Brown continues: “Senior executives do understand risk, however. The expression of a cyber security strategy articulated in terms of risk means that board members are more likely to understand both the importance of what is being proposed, and the consequences of paying insufficient attention to defence against cyber attack.”

Breach detection time is 177 days

From the perspective of the senior executive team, it is key that they question how they build their business risk profiles and communicate these to the cyber security team. In many cases, risk focuses on the likelihood and impact, which is usually based solely on internal values and analysis.

Some organisations may get additional input by budgeting for third-party validation and penetration tests. In this area, there is an opportunity for senior leadership in understanding the threat landscape, and by following the threat landscape, involving who, what, and how threats are targeting their industry based on different motivation, they can start to factor those outputs into their ongoing risk analysis.

FireEye’s M-Trends 2019 report, based on information and data collected from FireEye’s Mandiant GDPR Incident Response efforts indicates that, for 2018, the median time for the detection of a breach (a.k.a., the ‘dwell time’) in the EMEA region is 177 days (largely unchanged from 175 days in 2017) and, in many cases, organisations are relying on external notifications which increases the detection time significantly.

It also reflects the changing trend in the EMEA region. As noted, organisations, and in particular c-suites and boards, are taking cyber security governance much more seriously. This has been driven in part by regulation such as GDPR, but also due to increased recognition of the risk presented by targeted cyber attackers.

The underlying data shows that while many organisations are dealing with advanced threat actors much  faster than ever before, security teams are still uncovering historical attacks. Therefore, the increased Internal and External dwell times reflect the attention that organisations surveyed by the report are placing on effective security measures.
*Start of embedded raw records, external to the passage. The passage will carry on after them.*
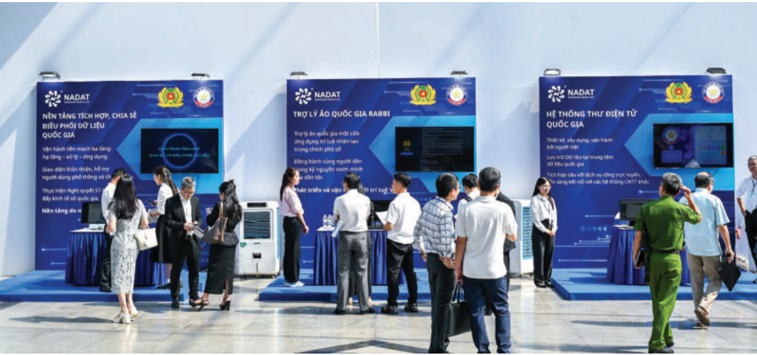
► Trung tâm Sáng tạo, khai thác dữ liệu (Trung tâm Dữ liệu quốc gia) và Hiệp hội Dữ liệu quốc gia giới thiệu 06 sản phẩm trong nghiên cứu, phát triển và ứng dụng công nghệ lõi, ngày 04/7/2025.

Thứ ba, tăng cường hợp tác quốc tế thông qua các thỏa thuận thương mại kỹ thuật số. Một kinh nghiệm nữa của Trung Quốc là những năm qua rất tích cực tham gia đàm phán các thỏa thuận và ký kết các biên bản ghi nhớ về kinh tế số hay thương mại điện tử xuyên biên giới với nhiều quốc gia. Thông qua hợp tác quốc tế giúp nước này thúc đẩy thương mại và khả năng quản trị kỹ thuật số, tạo không gian cho thương mại điện tử xuyên biên giới phát triển.
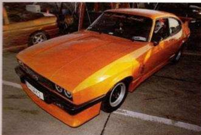
Youngtimer sind im Kommen!
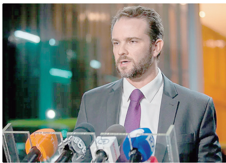
Durigan: “O receio é que haja uma interferência na soberania brasileira”

“Quem tem que cuidar de segurança pública no Brasil são os brasileiros, é a polícia brasileira, são os investigadores brasileiros, é o Coaf, a Receita Federal, são as nossas instituições
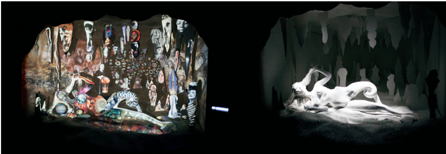
Shary BOYLE, Bridge and Chorus/Pont et chœur , 2012. Porcelaine, vernis, glaçure, table tournante d'époque, disque en vinyle, commande de minuterie. 51 x 46 x 46 cm.
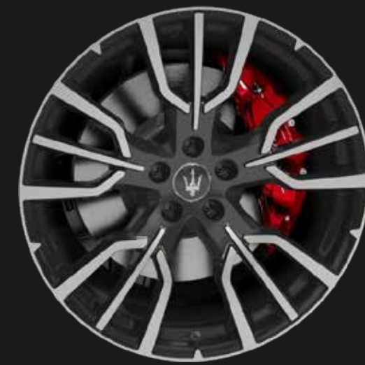
ETERE 20" MATTE GREY
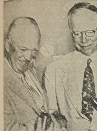
Das Kriegsbeil begraben haben General Eisenhower und Robert Taft, die beiden Rivale um die Nominierung des republikanischen Präsidentschaftskandidaten. Mit der Wahl Eisenhowers ist Taft zum dritten Male bei der Bewerbung als Kandidat der Republikaner gescheitert.

Erscheint vorerst einmal in der Woche (Sontagsabende) Bezugspreis (vorauszahlbar) monatlich 1.— DM einschl. Trägerlohn. Bei Postabzug 1.— DM zuzügl. 0,27 DM Zustellgebühr. Druck und Verlag: Buchdruckerei Hugo Munzer, Spangenberg. Verantwortlich: Hugo Munzer Spangenberg. — Telefon: 234, Telegr.-Adr.: „Zeitung“
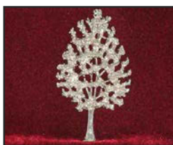
A-01 10.5 X 6 cm

Offert en trois tons : Laiton antique - Or brillant - Étain brossé
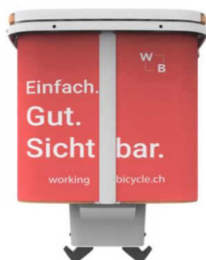
Spazio pubblicitario fronte 2A (r.) e 2B (l.)
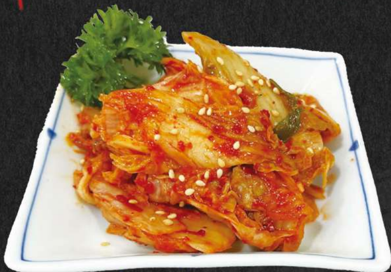
キムチ 30.000 VND
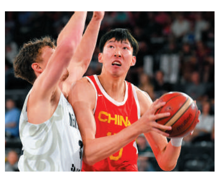
▲▼周琦（上圖右）和趙睿（下圖左）均隨同中國男籃在廣東深圳為即將到來的世界盃賽進行最後備戰。

【大公報訊】據中新社報道：周琦在中國男子籃球職業聯賽（CBA）中的歸宿終於塵埃落定，他將加盟廣東男籃，與另一國手、廣東男籃著名後衛趙睿互換東家。 在兩位中國籃球名將「互換東家」消息出爐後，新疆男籃第一時間做出回應。會方表示，作為一名優秀的國家隊球員，趙睿曾隨廣東隊3次獲得CBA總冠軍，2次當選CBA全明星最有價值球員，他的加盟必將提升球隊實力，為新疆球迷創造屬於新疆籃球更好的成績。同時，球隊亦感謝周琦為球隊奪得隊史首個CBA總冠軍作出的貢獻。
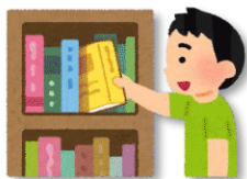
と も 【手に取る、持つ】
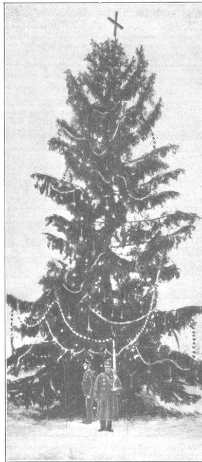
Weihnachten 1914. — Noël 1914. (Gallas, Zürich)

Man sah in grossen Haufen Grosse und schwere Säcke ankommen, Und man dachte mit einer Grimasse, Dass in allen Reis wäre.
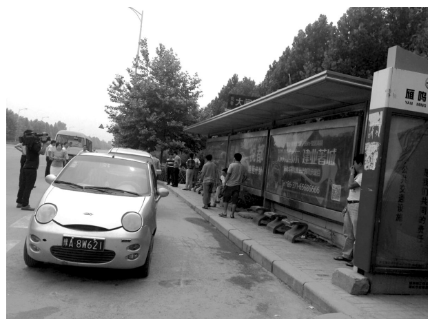
雁鸣湖站牌处,等着拉客的非法营运车辆不少。

车辆随意变道调头、沿途商贩占道经营、公交站牌附近非法营运……根据我市“三城联创”工作要求,从昨日起,市文明办联合中牟县、郑东新区管委会、市公安局、市城管局、市园林局、市交通委、郑开大道市政管理处等部门对郑开大道安全畅通,提升道路参与者和沿途群众的文明素质。
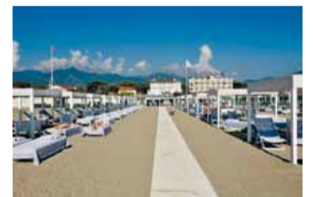
Hotel Villa Grey Forte dei Marmi
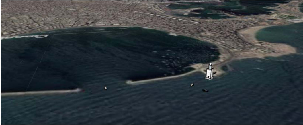
Fig. 5. Restitution du Phare d'Alexandrie avec insertion dans le site (3D I. HAIRY).

Avec l'utilisation de la photogrammétrie par corrélation d'images denses et de la 3D dans la recherche archéologique sur le site sous-marin de Qaitbay, de nouvelles pistes méthodologiques sont apparues, aussi bien dans les pratiques de terrain où les méthodes modernes se sont substituées aux méthodes traditionnelles, que dans les études consacrées au mobilier immergé. Ces nouveaux usages ont entraîné de profondes transformations dans les pratiques d'investigations : la manipulation de données dans un environnement tridimensionnel, la capacité de corriger la visualisation des surfaces des objets, la capacité de produire des restitutions scientifiques en 3D (fig. 5) peu figées et de représenter virtuellement les environnements disparus, etc. Ces nouveaux usages du numérique nous mèneront inexorablement à ouvrir de nouvelles portes vers les domaines de la valorisation et vers une approche participative de la recherche.
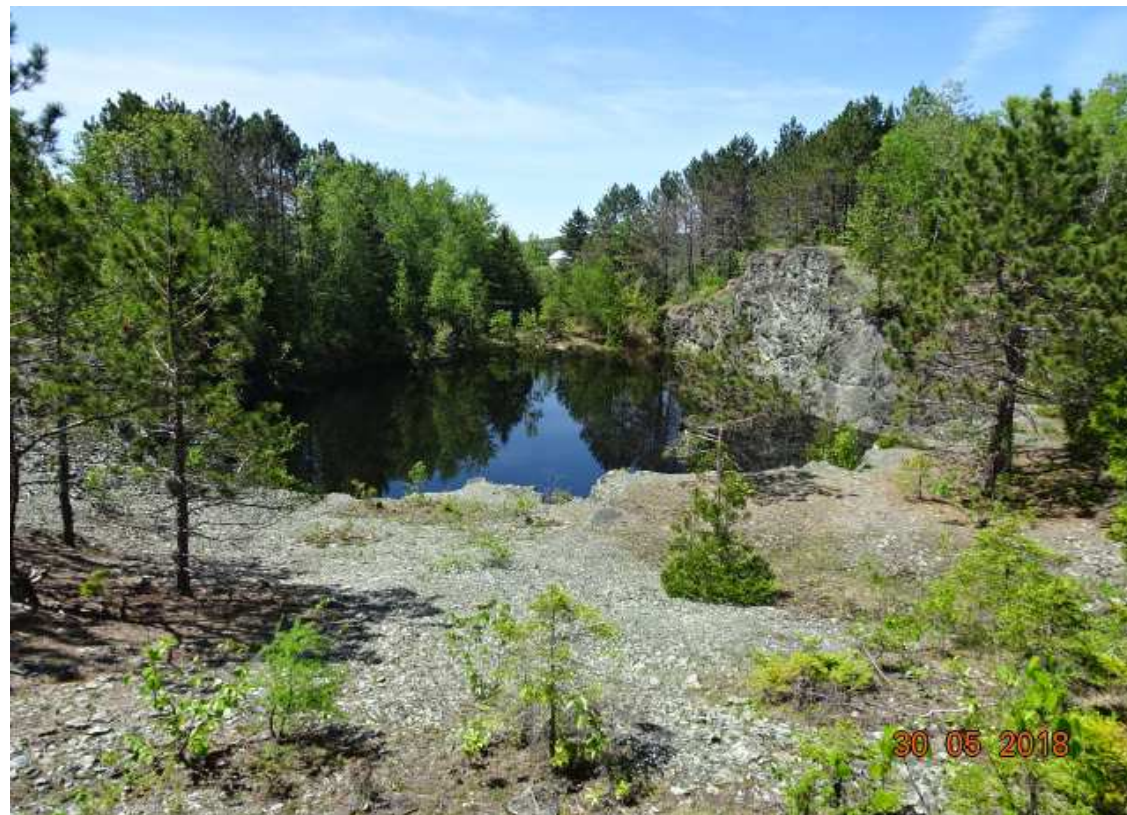
BE-2018-05-30-001 – À partir du côté Est, vue de la Fosse à sécuriser avec une clôture métallique (vue vers l'Ouest)
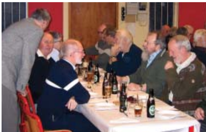
"Kan i huske dengang..?" De gode historier kommer frem.
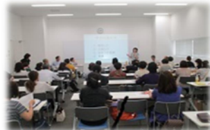
定期的に研修を実地しており高い技術の提供とサービスの向上に努めていきます。

私たちは皆様と接する時、いつもこの言葉を大切にしています。皆様と感動を共有し、皆様の生活がより豊かものとなるよう、精一杯サポートしていきます。
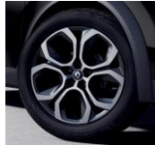
Jante aliaj 18", design Pasadena Grey Erbe (RALU18/RDIF21)
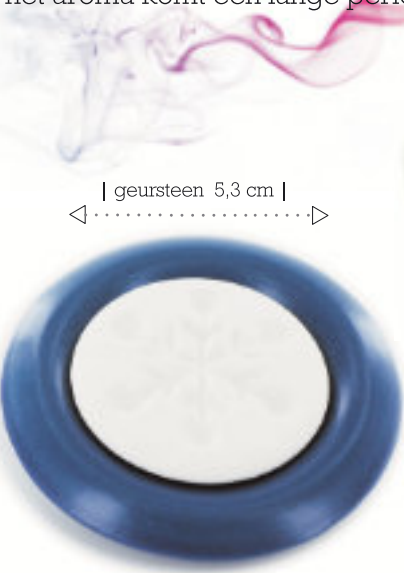
| geursteen 5,3 cm |
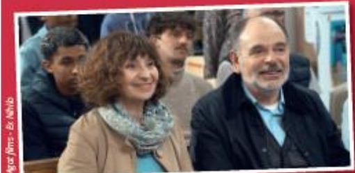
Et la fête continue* de Robert Guédiguian.
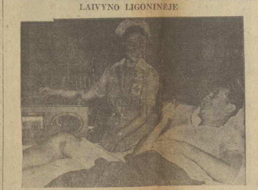
Laivyno ligininės liginis užrekorduoja laišką savo tėvams su pagelba R. Kryžiaus slaugės.

IZRAELIO valdžia paskelbė planą kuris padarytų kraštą valstybe su pustrėčio milijono gyventojų žydų.
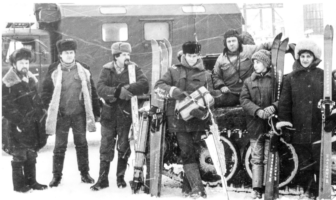
При освоении новых месторождений - от разведки до обустройства - первыми идут маркшейдеры

От этой буровой геологи стали продвигаться на север Западной Сибири. Они работали в экстремальных условиях. Все проходило далеко не гладко, и первопроходцам не сразу удалось найти нефть и газ, однако они не сдавались и продолжали поиски.

The gap between internal and external notification reinforces the importance for organisations to have strong detection and remediation strategies in place. External notification cannot be relied upon as a meaningful detection strategy. Greater collaboration and understanding from the security teams and senior executives can help to address the gap between intrusion and detection, by carefully analysing what causes such attacks and devoting to this the time and attention it requires.

Jens Monrad is Head of Intelligence EMEA at FireEye.